Through the use of a SIM card, SingTel also provides connectivity to closed-circuit televisions (CCTVs) which are mounted at locations without fixed Internet connection.
This means video footage from these devices can be streamed back to the main system, the spokesperson said. If the mobile network is congested, users can adjust the video bitrate accordingly to ensure continuous streaming. The low bitrate images can later be enhanced for clearer viewing, he noted.
NUS smart meter
Both Gemalto and Singapore company Power Automation also worked together to implement M2M-enabled power meters at the National University of Singapore's UTown Residence.
See Gim Kerk, director of engineering at Power Automation, explained the smart meter tracks the use of electricity in the hostel and, by doing so, is equipped to offer residents to purchase electricity credits for air conditioners in their rooms.
The meters display residents' remaining credits, send messages for them to buy more credits when it is running low, as well as display real-time loading and warnings for impending electrical trips, See said.

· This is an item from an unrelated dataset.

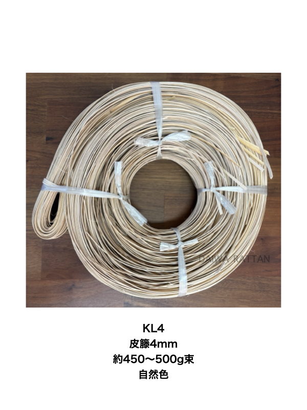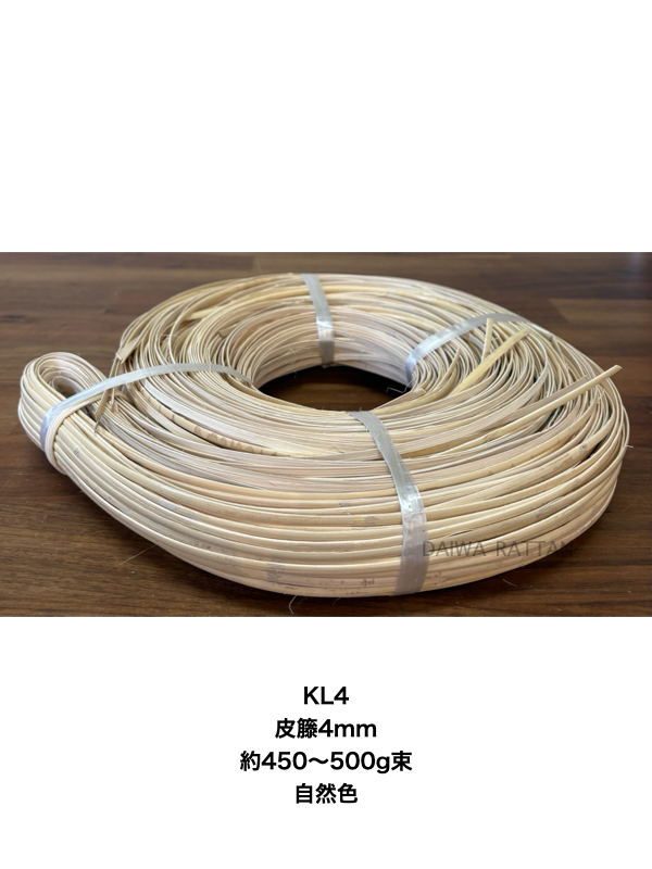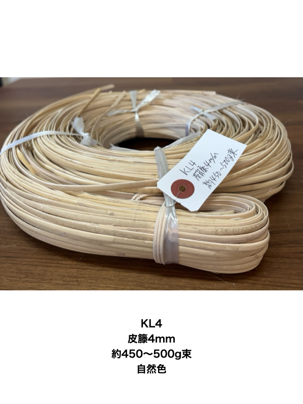 KL4 皮籐4mm 約450〜500g 巻束(自然色)
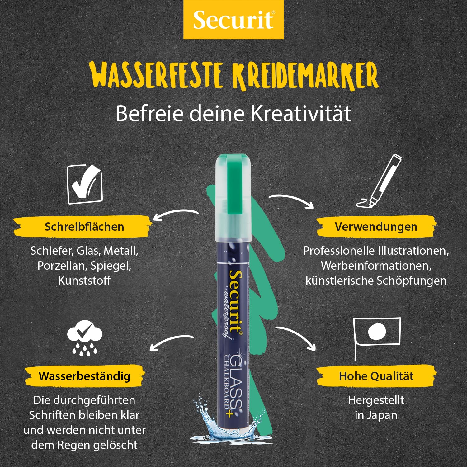 Schreib mal was - und wisch's einfach wieder ab! Diese 4 SECURIT Kreidemarker in Weiß sind perfekt für Tafeln, Glas, Spiegel, Metall und andere glatte Oberflächen. Mit feiner 1-2mm Spitze für präzise Schriftzüge. Einfach schütteln, Spitze drücken und loslegen! Die Tinte ist geruchlos, ungiftig und trocknet schnell. Entfernen geht ratzfatz mit einem feuchten Tuch - keine Kreidereste mehr an den Händen. Hält auch leichtem Regen stand, wenn du draußen schreibst. Seit 1987 bewährt - Profiqualität für Gastronomie, Einzelhandel oder kreative Projekte. Ob Tagesangebote, Begrüßungstafeln oder Dekoration - mit diesen Markern machst du jede Botschaft zum Hingucker!

Lakhi Baug, M2M sales manager for Asia at Gemalto, added the smart meters are embedded with mobile connectivity so they can connect to a server which collects the usage data, enable real-time feedback to the service provider and control parameters to facilitate the efficient distribution of electricity.
Besides efficient power management, the smart meters reduce manpower cost as they eliminate the need for staff to visit the hostel to take physical meter reading.